Enhancing Elasticsearch™
with Text Analytics

Better search, recall and precision in 40 languages

Whether you’re tackling log analysis, e-commerce, watch list screening or other applications, names are often the key. Can you find “Abdul Jabbar, Karim” if you search for “Kareem AbdalJabar” or “كريم عبد الجبار”?



Higher recall and precision

Rosette provides advanced tokenization for Chinese, Japanese, and Korean; plus decompounding for languages such as Korean, German, and Dutch. Rosette also delivers lemmatization (as opposed to stemming) for normalization based on a word’s root meaning.

Facet on real-world entities

Rosette entity extraction and linking enable high quality faceted search by extracting people, locations, organizations, products, and 13 other entity types, and linking them to real-world entities.

Rosette comes pre-trained in 18 languages and can be adapted in the field to domain-specific content for improved accuracy.

Find names, no matter how they’re written

Names are frequently the most significant term in a query. Rosette increases search recall by ensuring that a larger number of occurrences of a name are found—overcoming misspellings, nicknames, missing spaces, the same name written in different languages, and other variations.

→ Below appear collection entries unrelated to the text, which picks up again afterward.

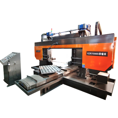 本機床采用雙立柱龍門臥式結構,可垂直鋸切、也可水平鋸切,提高了鋸切效率和鋸切精度。是批量下料的理想設備。
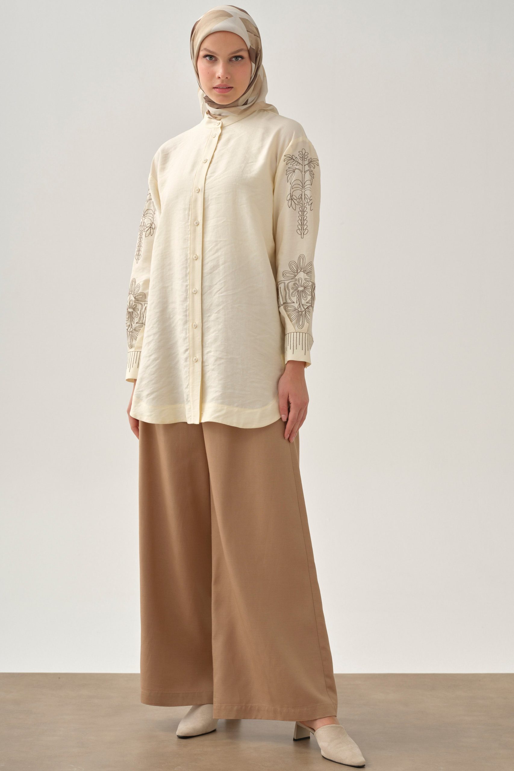 These trousers gain movement with pleat details and combine elegance with functionality through hidden pockets. Their comfortable fit offers all-day comfort. Adds a refined touch to both everyday and office styles.
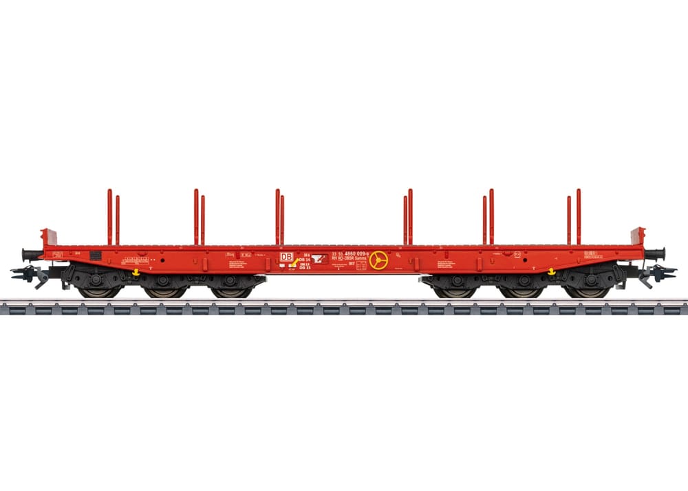 • Model: The frame is constructed of metal. There are many separately applied details. The car has special three-axle trucks. A separately applied hand wheel is included for setting the brakes. The car can be run with the Viessmann CarMotion units. Stakes and folded crossover plates are included as parts for separate installation. Length over the buffers 18.9 cm / 7-7/16".
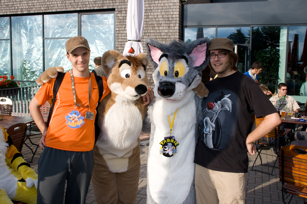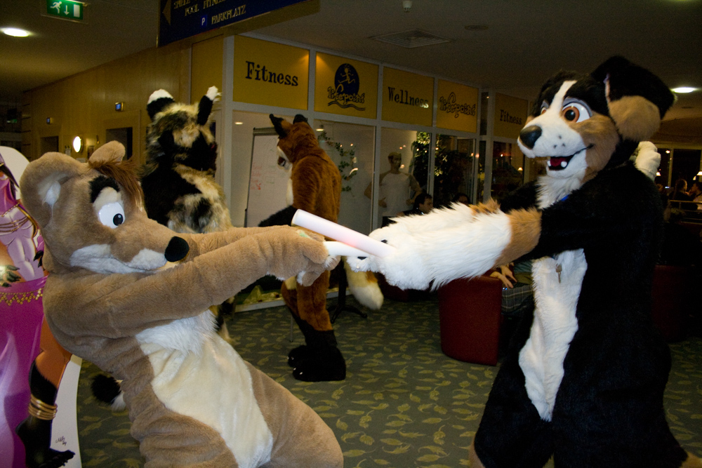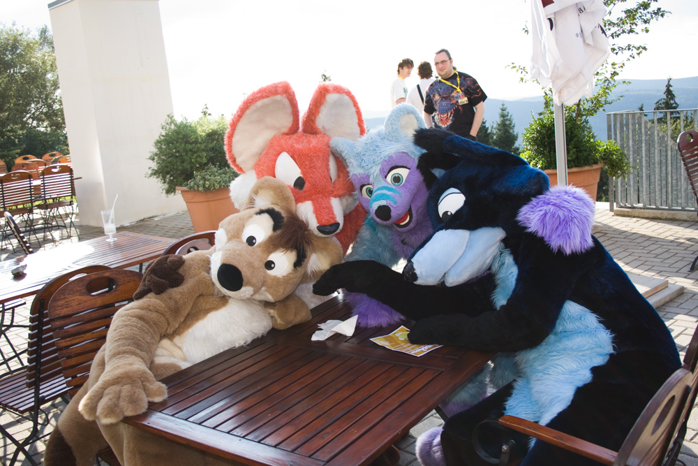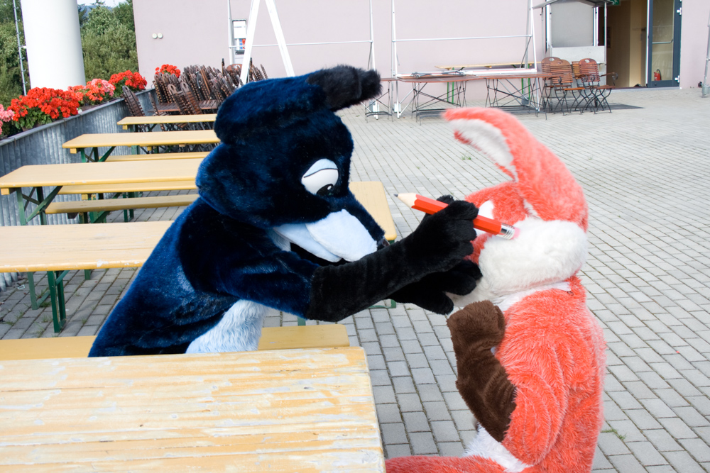 We noticed that quite a lot of furries were there, and found out that there was some suiting event going on. :) A very nice way to end a con, and the local people liked it too (probably also because Suhl is a terribly boring place). We went back to the hotel and had some fun with the remaining people, also we FINALLY managed to call Louve who was very happy about the call it seems :D We had a nice art jam in the lobby in the evening which was tons of fun, later I got to suit as someone else's character! (FUN!) Deaddog Party was a big fail since some VERY SMART person thought doing a cheese fondue in a NOT-AT-ALL-VENTILATED room was a good idea. It smelled even worse than that smelly fursuiter who never washed his suit.. People escaped as fast as they could. I feel sorry for Kenai.. :/ Later I got drunk with Sonny who un-ate his Dinner in front of the hotel.. eww! All in all a very nice evening!

Open source intelligence (OSINT)

Rosette adds structure to vast quantities of text coming from social media, news, or blog feeds by extracting new or known entities, including people, places, and organizations.

Rosette can also standardize, translate, and link these names to an authority, mitigating the problem of inconsistent and “messy” real-world data.

Elasticsearch Enhanced With a Simple Plugin

100M names

50 matches/second

The Rosette plugin contains a custom mapper which does all the work behind the scenes:

  • The Rosette plugin’s name data type indexes keys for different
    phenomena (types of name variations) in separate (sub) fields.
  • The plugin generates analogous keys for a custom Lucene query that finds good candidates for re-ranking.
  • Rosette uses a rescore query to score names in the best candidate documents and reorder accordingly.

Fuzzy Name Matching For Elasticsearch

Fuzzy name matching is a common problem for both government and commercial users, and there are few reliable solutions.

Names connect data points in financial compliance, anti-fraud, government intelligence, law enforcement, and identity verification applications. The challenge is in connecting the dots despite incredible variation in misspellings, nicknames, initials, and titles, to list but a few.

To add even more complexity, in international databases, a single name may also appear in many languages.

Currently, performing name matching in Elasticsearch requires a complex query against multiple fields, and can produce a large number of unwanted results.

The Rosette plug-in for fuzzy name matching can identify name variations, nicknames, phonetic spelling, cross-script variations, and more.